The basis for the operation of RTI systems is the use of multiple transmitters. Each sends a signal, and while transmitting, the others will measure the strength of the signal coming to them. The image is obtained by combining the information from the sensors, as well as predetermined parameters. An illustration of the RTI network is shown in Figure 2.

If all links in the network are considered simultaneously, the system of RSS equations can be described in matrix form. A linear model for RTI can take the following form [12,14,15,16,17,18,19,20,21,22,23,24]:

$$\mathsf{\Delta }\mathit{y}=\mathit{W}\mathsf{\Delta }\mathbf{x}+\mathbf{n}$$

(7)

where

$$\begin{array}{l}\mathsf{\Delta }\mathit{y}={\left[\mathsf{\Delta }{y}_1,\mathsf{\Delta }{y}_2,\dots ,\mathsf{\Delta }{y}_M\right]}^T\\ \mathsf{\Delta }\mathit{x}={\left[\mathsf{\Delta }{x}_1,\mathsf{\Delta }{x}_2,\dots ,\mathsf{\Delta }{x}_N\right]}^T\\ \mathbf{n}={\left[n_1,n_2,\dots ,n_M\right]}^T\\ \hspace{1em}\hspace{1em}{\left[\mathit{W}\right]}_{i,j}=w_{ij}\end{array}$$

In summary, $\mathsf{\Delta }\mathit{y}$ is the RSS difference measurement vector of length M for all links, n is the noise vector, and $\mathsf{\Delta }\mathit{x}$ is the attenuation image to be estimated. W is an M × N weighting matrix where each column represents a single voxel and each row describes the weight of each voxel for that particular link. Each variable is measured in decibels (dB).

The heuristic explanation for the ill-posed [6] RTI problem is that many pixels are estimated from a relatively small number of nodes [8,15,25]; therefore, there is a deficit of the explanatory variables in relation to the dependent variables [1]. There are many possible attenuation patterns that can lead to the same set of measurement data. For example, suppose a given pixel is not intersected by any link in the network. This would yield the same measurement data for every possible attenuation value of that pixel, so reversing the problem would be impossible. There are many image reconstruction algorithms. In Figure 3, the main algorithms of tomographic image reconstruction are presented.

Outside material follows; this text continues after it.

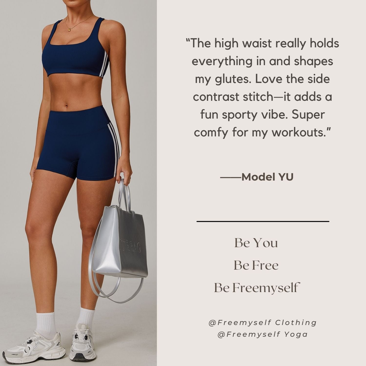 Freemyself 25ss high-waist shorts lift and shape your glutes while providing a snug, comfortable fit. Side contrast stitching adds sporty style and visual interest, perfect for yoga or any active wear session.

The most often used algorithms are based on regularization. Regularization [26] is the introduction of additional information to an ill-posed problem in order to improve the quality of the solution. It is often used in solving inverse problems. Among the regularization methods developed, the following can be mentioned:

• Tikhonov regularization [6,13,14,15,24,25];
• Regularization by singular value decomposition (TSVD [4], SVD [9]);
• Iterative regularization methods;
• Regularization by discretization;
• Regularization by filtering.

For the purposes of their research, the authors of [11] considered various reconstruction algorithms: LBP, Tikhonov regularization, the iterative Landweber algorithm, and the total variation minimization (TV) algorithm. Their advantages and disadvantages are mentioned below. In [1], the authors use convolutional neural networks (CNNs).

The LBP method is a very simple and effective way to reconstruct an image. It is a useful tool for real-time processing. The LBP algorithm requires the least hardware resources and can be implemented even in devices or sensors that have very limited memory, but the image quality is not good enough for most applications. LBP is able to meet the requirements of specific scenarios, such as localization [8].

Tikhonov regularization gives better results compared to the LBP method. The quality of Tikhonov regularization strongly depends on the regularization parameter λ. The authors of paper [8] use the L-Curve method to obtain a reference value for λ. Unfortunately, the disadvantage of Tikhonov regularization is the need to perform an inversion, which has high computational complexity [8]. Although regularization methods can achieve stable results, the resulting images are quite blurry. In general, the reconstructed image of the wall has the so-called sparse structure characteristics in the spatial domain [11].

On the other hand, the Landweber iteration method gives the best results compared to Tikhonov regularization and the LBP algorithm, and it does not require the calculation of an inverse matrix. The method requires many iteration steps before obtaining satisfactory results, which takes a long time. It is typically used with an off-line image reconstruction approach for better imaging results.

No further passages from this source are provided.